### RECORDS FOR PROCESSING
══════
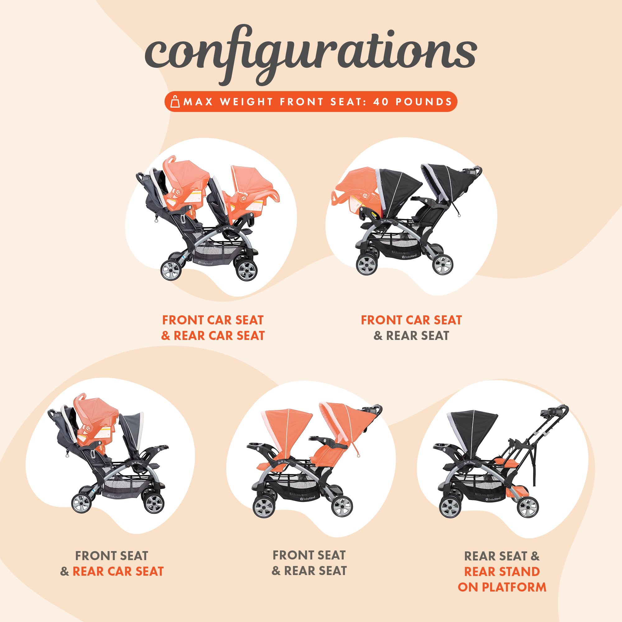 FOR GROWING FAMILIES: Double baby stroller and car seats are suitable for newborns, infants and toddlers up to 40 and 35 lbs respectively; Adjustable seats make it easy to accommodate children of different ages and sizes
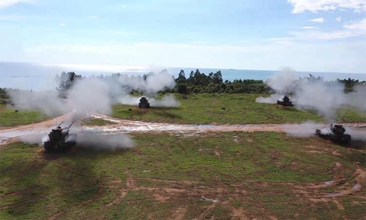Một đoạn video do Đài Truyền hình Trung ương Trung Quốc (CCTV) công bố ngày 10/8 cho thấy tổ hợp pháo phòng không tự hành tập trận bắn hạ các mục tiêu máy bay chiến đấu mô phỏng tại các địa điểm không xác định ở tỉnh Quảng Đông. Ở phía đông nam của đất nước, gần eo biển Đài Loan. Binh đoàn 75 của Bộ Tư lệnh Sân khấu miền Nam khi đơn vị ra đa vào khu vực phòng không sẽ phát hiện mục tiêu tưởng tượng, làm nhiệm vụ phòng không, thông báo tọa độ, hướng bay, tốc độ cao và mục tiêu. Theo báo “Thời báo Hoàn cầu”, tổ hợp pháo phòng không tự hành khai hỏa cùng lúc trong 2-3 giây, bao trùm lưới đạn rộng hàng chục mét vuông trên không. Cuộc tập trận là “đang hoạt động. Nó là cần thiết để bảo vệ chủ quyền.” Người phát ngôn của Bộ Tư lệnh Nhà hát phía Đông PLA, Đại tá Trang Xuanxiu, cho biết trong một tuyên bố thực tế tại Quảng Đông. Video: CCTV .
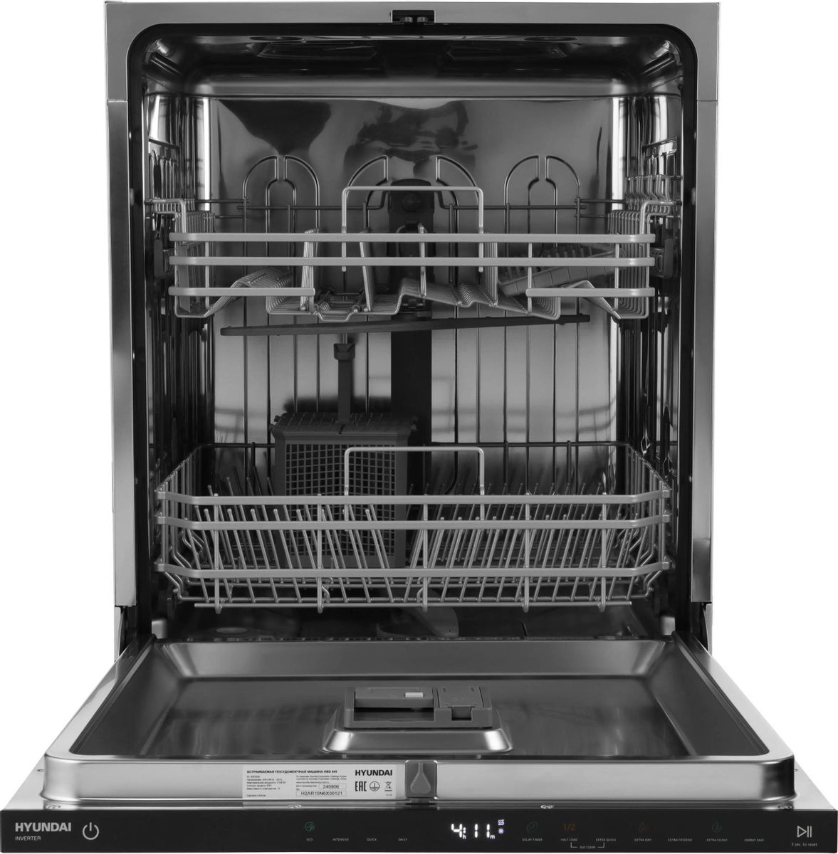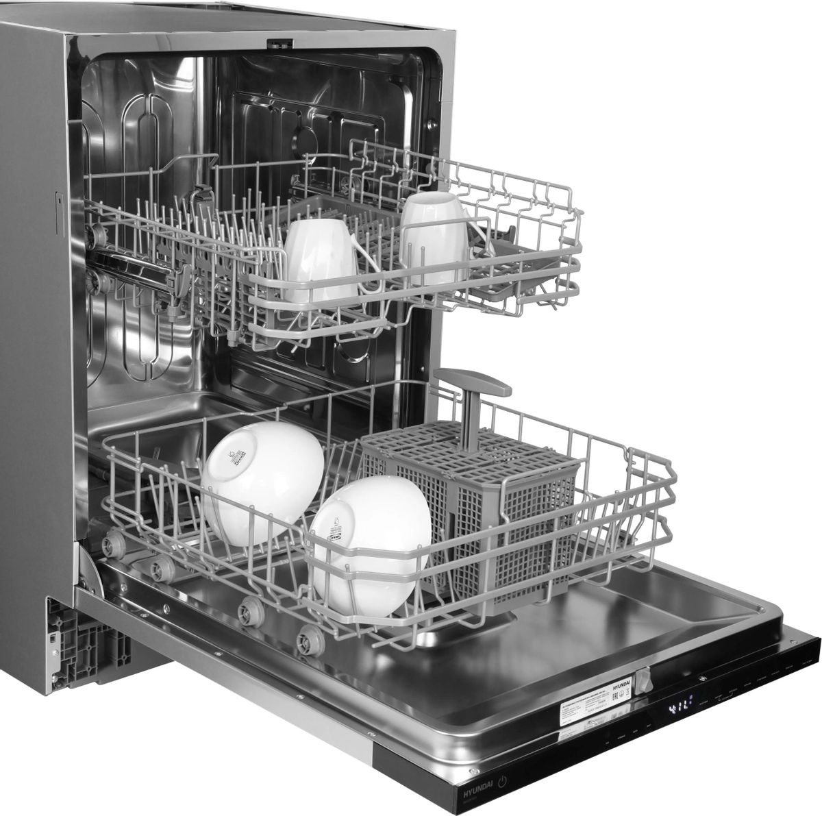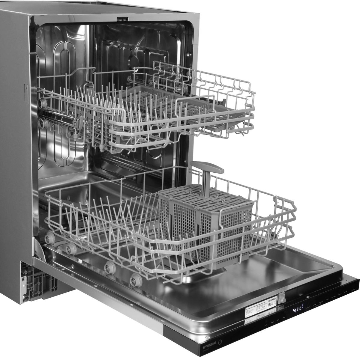 Встраиваемая модель Хендай отлично впишется в любой интерьер, главное — правильно выбрать место, чтобы подвести коммуникации. Устанавливается в нишу целиком, полностью закрывается декоративной панелью. Имеет стандартные размеры, поэтому может не поместиться на очень маленькой кухне. В камеру можно загрузить ограниченное число комплектов: 13 шт. Комплектом считается набор посуды на одного человека, который нужен для полноценного приема пищи: глубокая и плоская тарелки, тарелка для салата, блюдце под чашку, сама чашка, ложка и вилка.
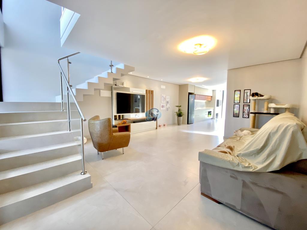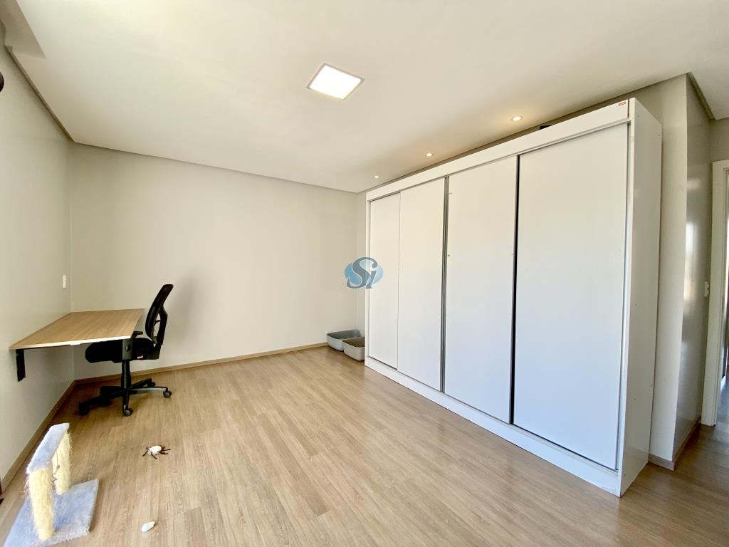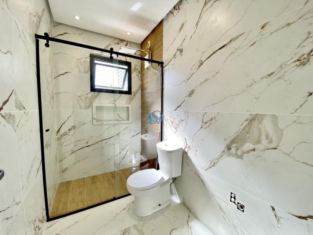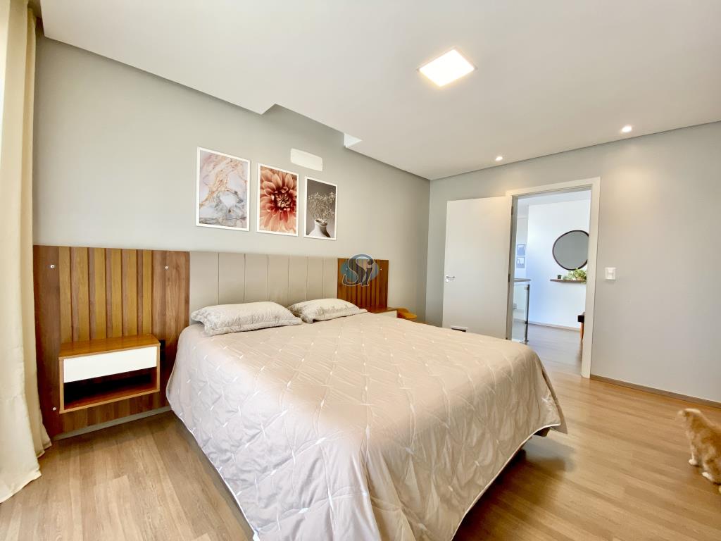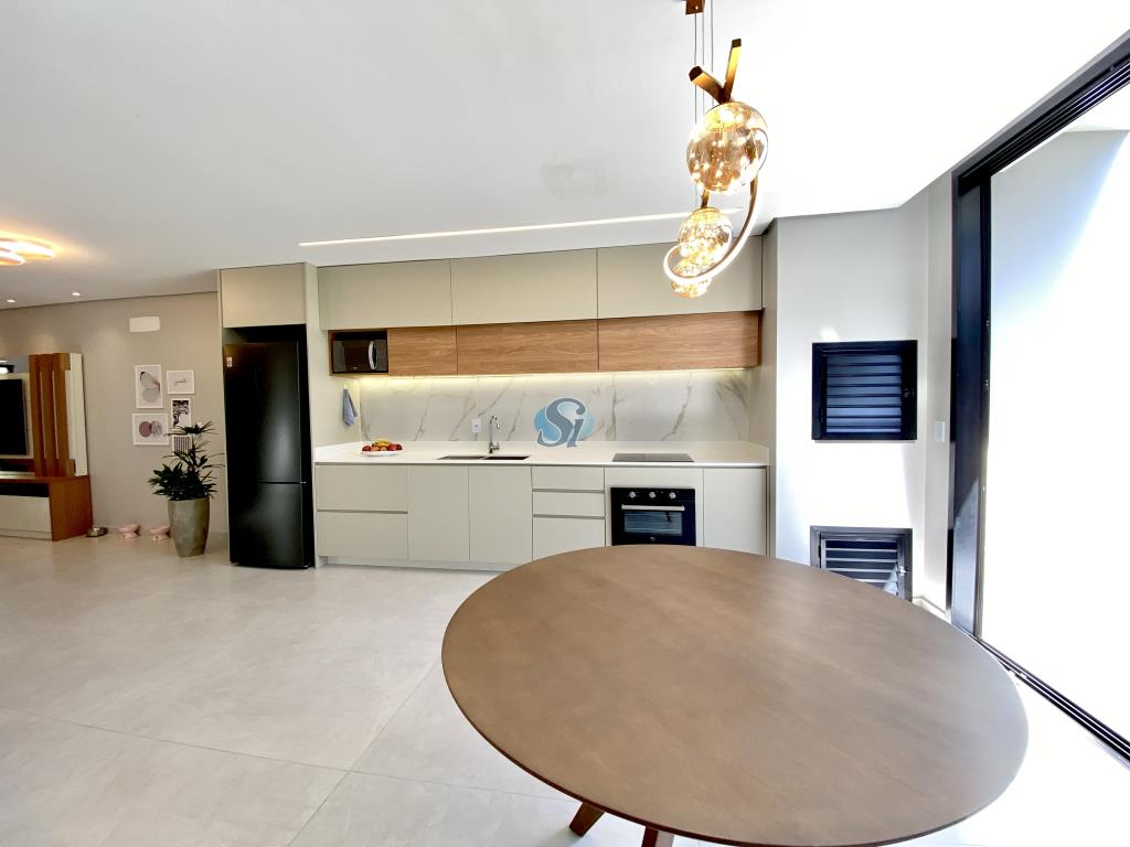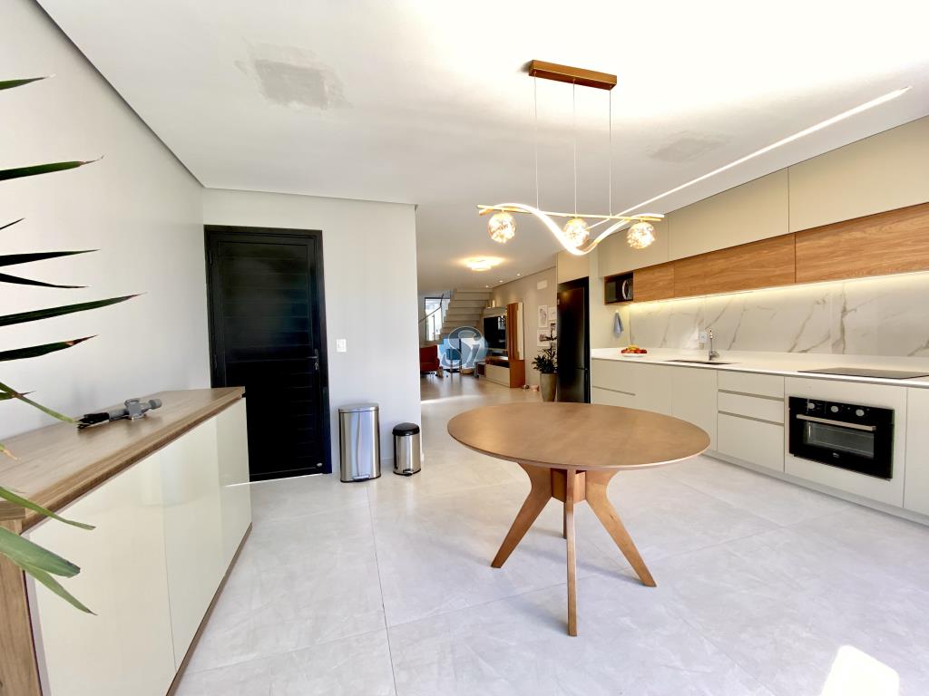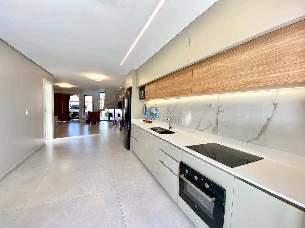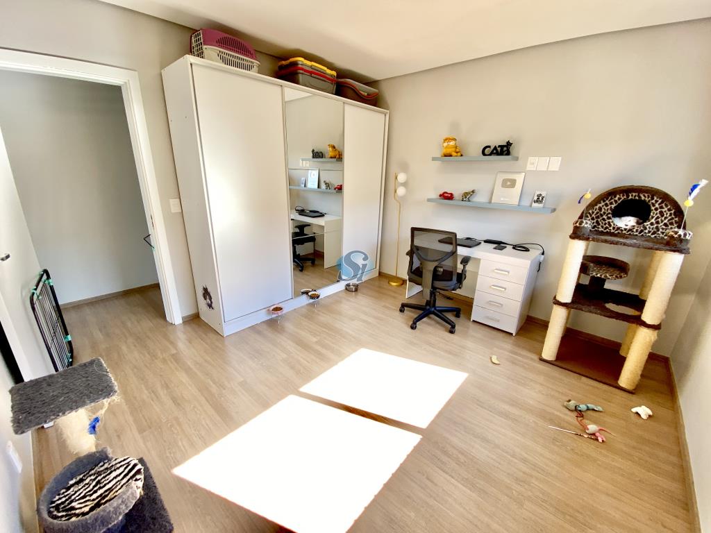 Este imóvel conta com três dormitórios, sendo uma suíte com closet, além de banheiro social e lavabo. A área social é integrada, unindo sala de estar, cozinha e sala de jantar, conta com sacada tanto na frente quanto nos fundos, atendendo à suíte e ao quarto dos fundos. Os três quartos possuem persianas automatizadas. O piso é em porcelanato no térreo e laminado no andar superior, com teto todo em gesso nos dois andares. Os banheiros são equipados com box elegance. Há grades de segurança na janela frontal, no lavabo e na lavanderia, além de churrasqueira. Em termos de segurança, o pátio é cercado e murado, conta com cerca elétrica em todo o terreno e portão automatizado, cozinha planejada ? completa e nova, garagam para dois carros lado a lado
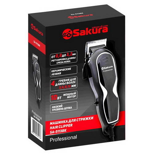 Машинка для стрижки волос сетевая SAKURA SA-5113BK Professiоnal 1-12мм керамич.лезвия
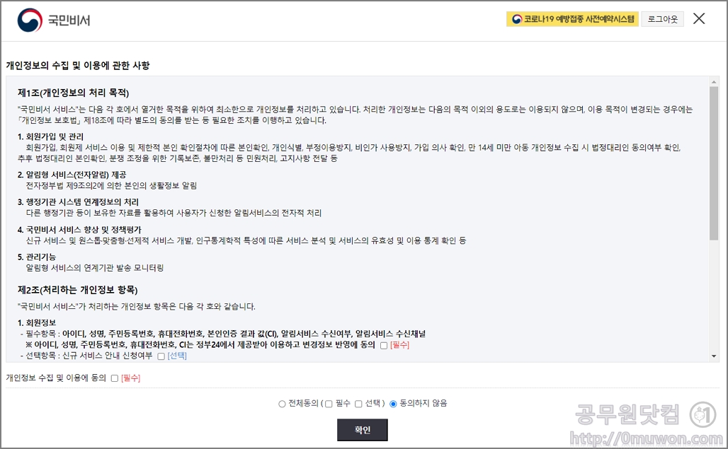 4. 개인정보의 수집 및 이용에 동의를 합니다. 필수만 선택해도 됩니다.
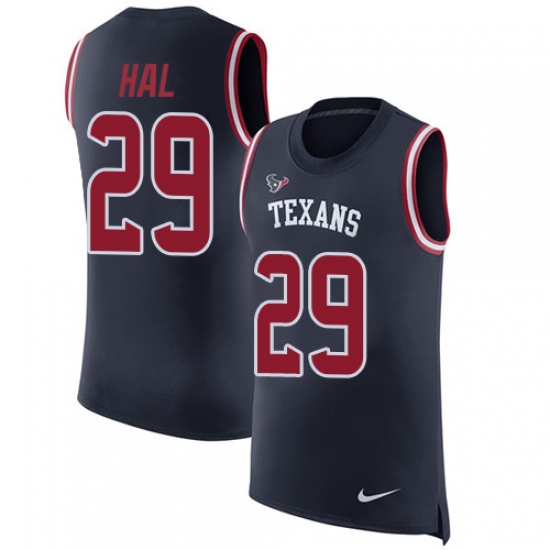 Men's Nike Houston Texans #29 Andre Hal Limited Navy Blue Rush Player Name & Number Tank Top NFL Jersey
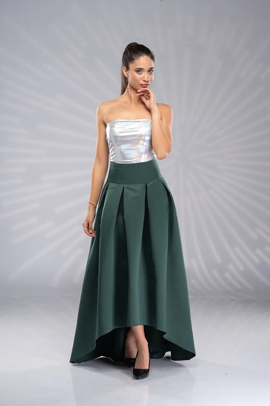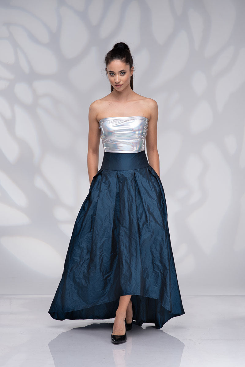"I needed the clothes in a shorter time than advertised and Danelly’s were extremely helpful and made this happen. Despite the time constraints they still took my measurements and ensured the skirt and top fit perfectly. The skirt is glamorous while also being rather funky, in my opinion."
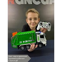 Мусоровоз на радиоуправлении работает на частоте 2.4 ГГц, пульт‑джойстик удобно лежит в руке и прост в освоении ребёнком. Машинка на пульте управления едет вперёд, назад, поворачивает вправо и влево, передние колёса поворачиваются, задний привод обеспечивает отличную манёвренность. Эта грузовая машинка на пульте управления прекрасно подходит для игр в песочнице, на стройке или в домашнем дворике.
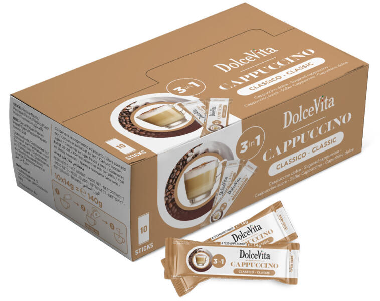 Felfrissítő élmény egy csésze Dolce Vita Cappuccino Classicoban! Azonnal elkészíthető kávé, ami ízében és krémességében verhetetlen. Édes, mégsem túlzottan, pont, ahogy egy igazi cappuccinónak lennie kell. Egy csomagban 10 praktikus kiszerelésű instant kávépálca található, így kényelmesen magaddal viheted, bármerre is jársz. Legyen az iroda, otthon vagy épp a termé
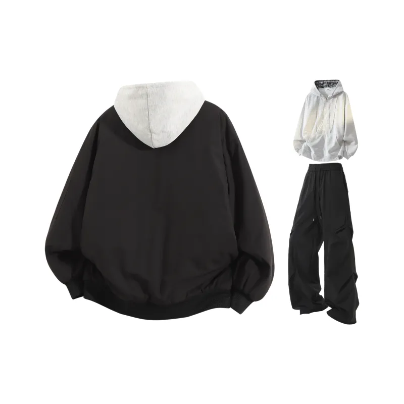 Чёрный+Белый Серый Свитшот+Чёрные Штаны
══════
### TASK STATEMENT
Please write out the lines above, beginning at the line with "Felfrissítő élmény egy" and ending at the last line of the records, exactly as they appear and without pictures.

### RESPONSE TO THIS EXERCISE
 Felfrissítő élmény egy csésze Dolce Vita Cappuccino Classicoban! Azonnal elkészíthető kávé, ami ízében és krémességében verhetetlen. Édes, mégsem túlzottan, pont, ahogy egy igazi cappuccinónak lennie kell. Egy csomagban 10 praktikus kiszerelésű instant kávépálca található, így kényelmesen magaddal viheted, bármerre is jársz. Legyen az iroda, otthon vagy épp a termé
 Чёрный+Белый Серый Свитшот+Чёрные Штаны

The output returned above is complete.